THE PROXY STATEMENT CONTAINS IMPORTANT INFORMATION AND THIS SUPPLEMENT SHOULD BE READ IN CONJUNCTION WITH THE PROXY STATEMENT.
This Supplement updates, and to the extent inconsistent therewith, supersedes, the disclosure in the Proxy Statement relating to the effect of abstentions on Proposal 2 of the Proxy Statement, which seeks stockholder approval of an adjournment of the Special Meeting if there are insufficient votes at the Special Meeting to approve Proposal No. 1.
The third paragraph in the subsection titled “Vote Required to Adopt Proposals” on page 1 of the Proxy Statement in the section titled “SOLICITATION AND VOTING” is hereby revised in its entirety to read as follows:
“Proposal No. 2. Approval of Proposal No. 2 requires the affirmative vote of a majority of the shares cast on the proposal at the Special Meeting. Abstentions will have no effect on the outcome of the proposal. There should be no broker “non-votes” on the proposal because brokers should have discretion to vote on this proposal if beneficial owners do not provide voting instructions for this proposal, as described in more detail below. If there are any broker non-votes, they will have no effect on the outcome of the proposal.”

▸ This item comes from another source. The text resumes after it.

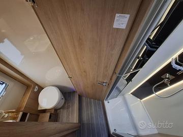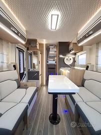 Climatizzatore in cellula Teleco telair con pompa di calore, Clima in cabina, Tendalino Thule, Antenna satellitare, Pannello fotovoltaico, Antifurto perimetrale e volumetrico, Sospensioni pneumatiche, Radio Bluetooth, comandi radio al volante, volante rivestito in pelle, Retrocamera con doppio occhio per visione viaggio e parcheggio, Oscuranti plissettati in cabina guida, Fari fendinebbia, Predisposizioni per portabici a parete posteriore, Cabina verniciata in grigio silver metallizzato, pareti laterali verniciate in grigio pastello, Cupolino con vetro panoramico integrato, Pneumatici da 16", Doppia illuminazione esterna a tendalino, luce esterna sopra la porta d'ingresso, Porta d'ingresso con finestra e 2 punti di chiusura centralizzata, Zanzariera scorrevole all'ingresso, Porta TV estraibile nel soggiorno, Cucina con 3 fuochi, Frigorifero AES da 135lt., bagno con finestra, toilette a cassetta estraibile, doccia con porta rigida, piatto doccia con 2 punti di scarico, Riscaldamento Truma combi diesel, Comando per il riscaldamento Truma iNet X, serbatoio di recupero acque grigie riscaldabile,...[Cod: 1093988-846]

The first paragraph in the subsection titled “Effect of Abstentions and Broker Non-Votes” on page 1 of the Proxy Statement in the section titled “SOLICITATION AND VOTING” is hereby revised in its entirety to read as follows:
“An abstention represents a stockholder’s affirmative choice to decline to vote on a proposal. If a stockholder indicates on its proxy card that it wishes to abstain from voting its shares, or if a broker, bank or other nominee causes abstentions to be recorded for shares, these shares will be considered present and entitled to vote at the Special Meeting for purposes of determining the presence or absence of a quorum, and will count as votes “AGAINST” Proposal No. 1, regardless of whether such shares are present in person or represented by proxy at the Special Meeting. Abstentions will have no effect on the outcome of Proposal No. 2.”
The subsection titled “Vote Required and Board of Directors Recommendation” on page 7 of the Proxy Statement in the section titled “PROPOSAL NO. 2 APPROVAL OF ADJOURNMENT OF THE SPECIAL MEETING” is hereby revised in its entirety to read as follows:
“For this Proposal No. 2 to be approved by the stockholders at the Special Meeting, the number of votes cast for approval of this Proposal No. 2 must exceed the aggregate number of votes cast against approval.
THE BOARD OF DIRECTORS UNANIMOUSLY RECOMMENDS THAT YOU
VOTE “FOR” PROPOSAL NO. 2 AS DESCRIBED IN THIS PROXY STATEMENT.”
Except to the extent described in this Supplement, none of the items or information contained in the Proxy Statement are affected by this Supplement. This Supplement does not provide all of the information that is important to your voting decisions at the Special Meeting. The Proxy Statement contains other important additional information. We encourage you to carefully read this Supplement together with the Proxy Statement in their entirety. If you have already returned your proxy or voting instruction card or provided voting instructions, you do not need to take any action unless you wish to change your vote.